§ WORK INSTRUCTION:
A word-for-word reproduction of the data below is needed, with no pictures in it.

§ INPUT DATA:
↓
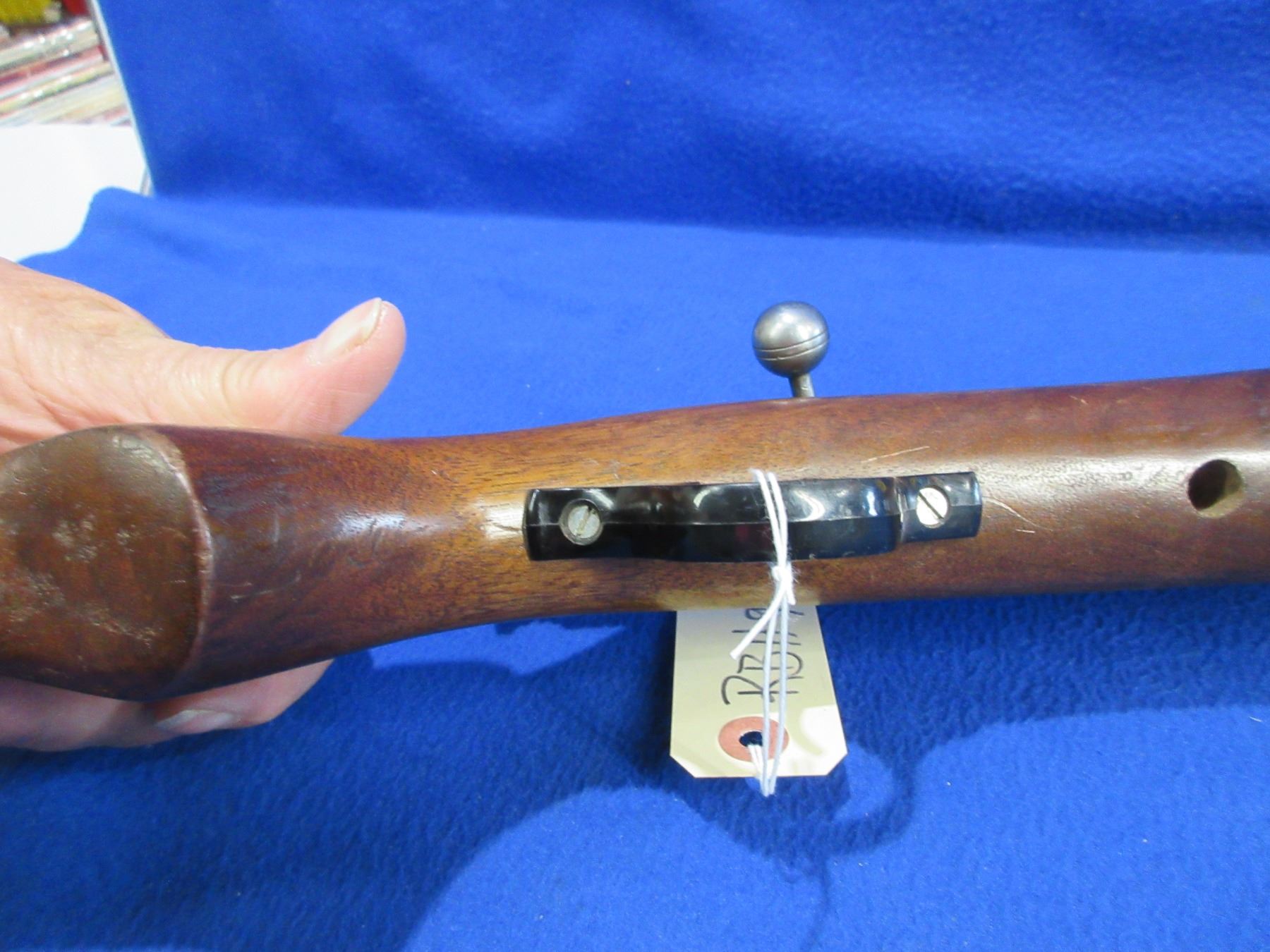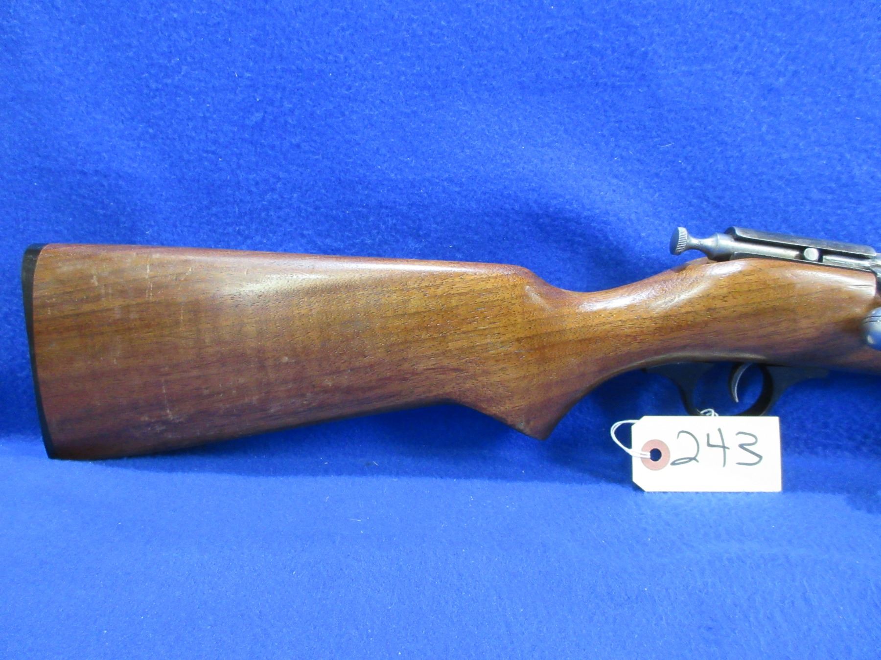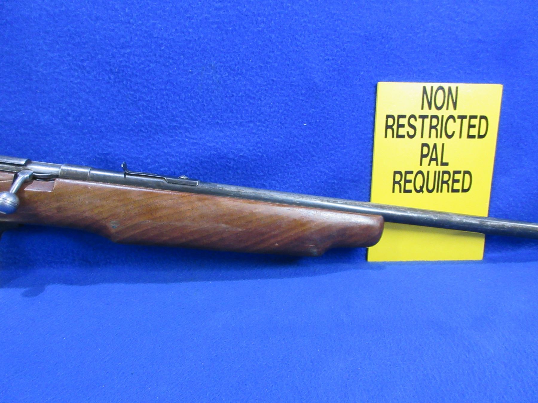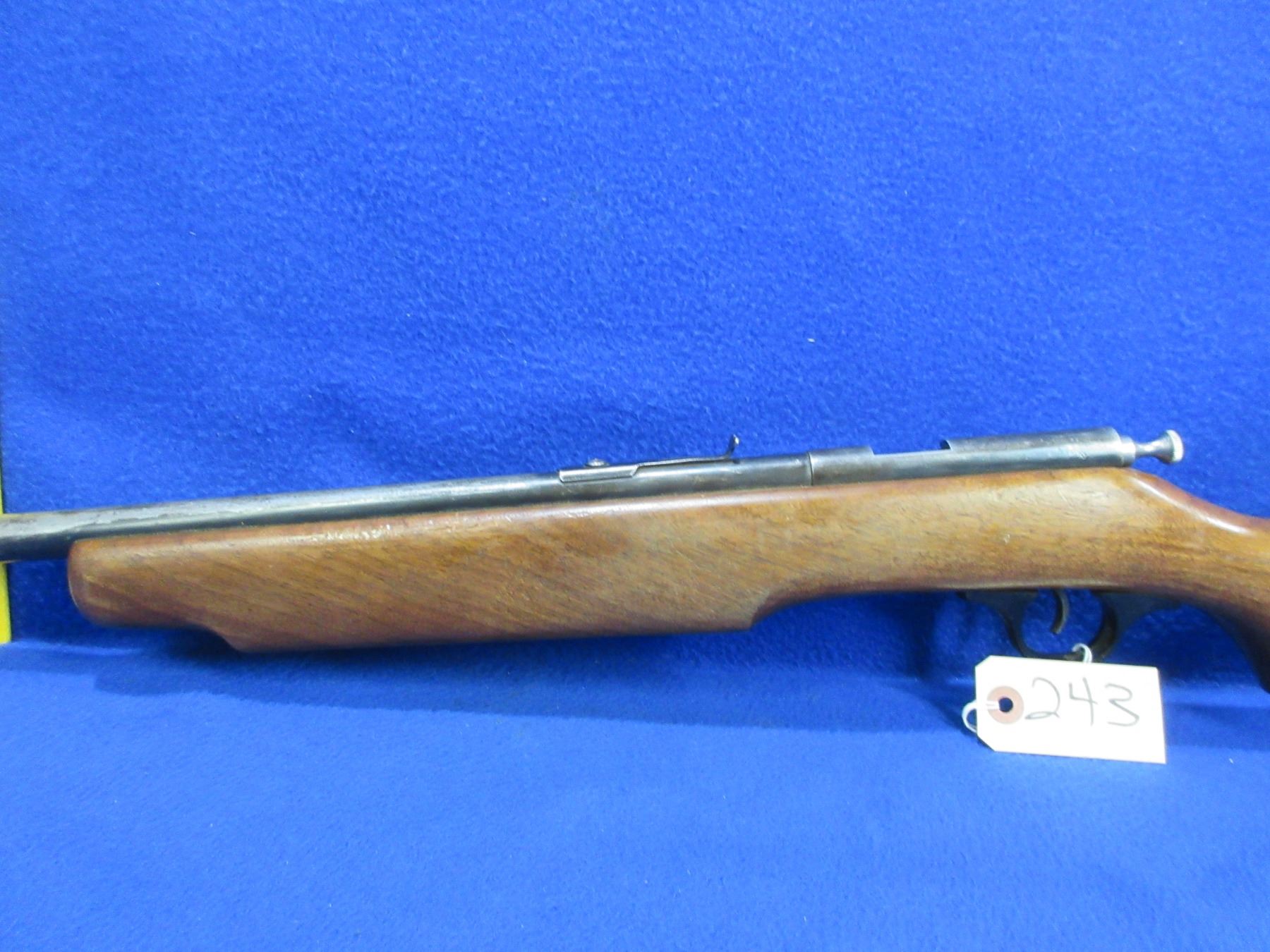 Non-Restricted - Cooey by Winchester Model 75 in 22 S/L/LR - This single shot bolt action rifle appears to be in good working order. Barrel is 27", rifling is good to very good, bluing is mostly gone, has both sights but rear ramp is missing, stock is good to very good with usage marks, butt plate good. Ser # None
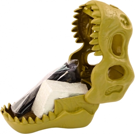 Das gesamte Set ist in einem Kunststoff-Dinosaurierschädel untergebracht, der eine doppelte Funktion erfüllt: Er ist ein praktischer Aufbewahrungsbehälter und eine stilvolle Dekoration – ideal für das Zimmer eines kleinen Dinosaurierfans. So bietet das Set nicht nur langanhaltenden Spielspaß, sondern auch ein attraktives dekoratives Element.
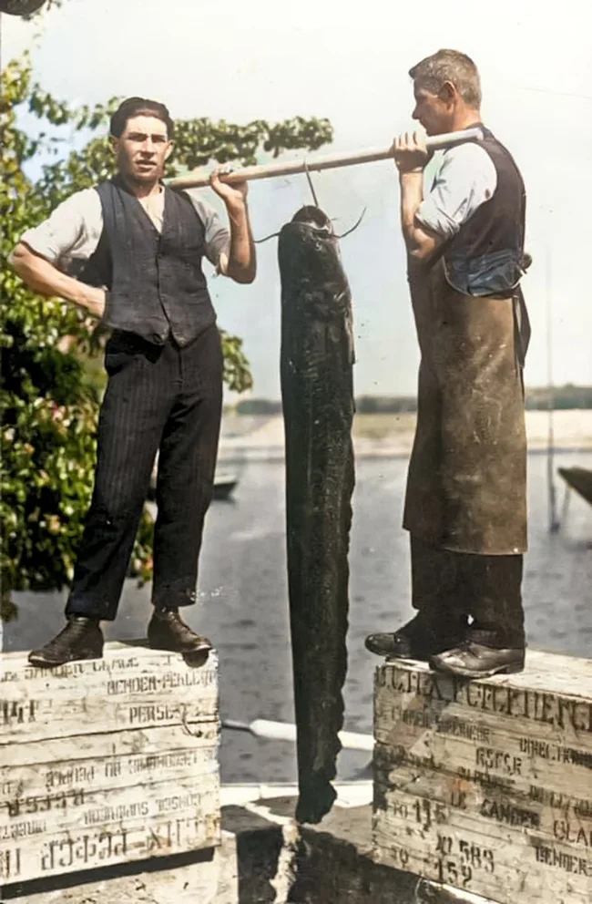 Обратите внимание на размер ячеек сети, рыбу ловили не маленькую... Швейцария, 1943 год.
↑
§ WRITTEN SOLUTION:
 Non-Restricted - Cooey by Winchester Model 75 in 22 S/L/LR - This single shot bolt action rifle appears to be in good working order. Barrel is 27", rifling is good to very good, bluing is mostly gone, has both sights but rear ramp is missing, stock is good to very good with usage marks, butt plate good. Ser # None
 Das gesamte Set ist in einem Kunststoff-Dinosaurierschädel untergebracht, der eine doppelte Funktion erfüllt: Er ist ein praktischer Aufbewahrungsbehälter und eine stilvolle Dekoration – ideal für das Zimmer eines kleinen Dinosaurierfans. So bietet das Set nicht nur langanhaltenden Spielspaß, sondern auch ein attraktives dekoratives Element.
 Обратите внимание на размер ячеек сети, рыбу ловили не маленькую... Швейцария, 1943 год.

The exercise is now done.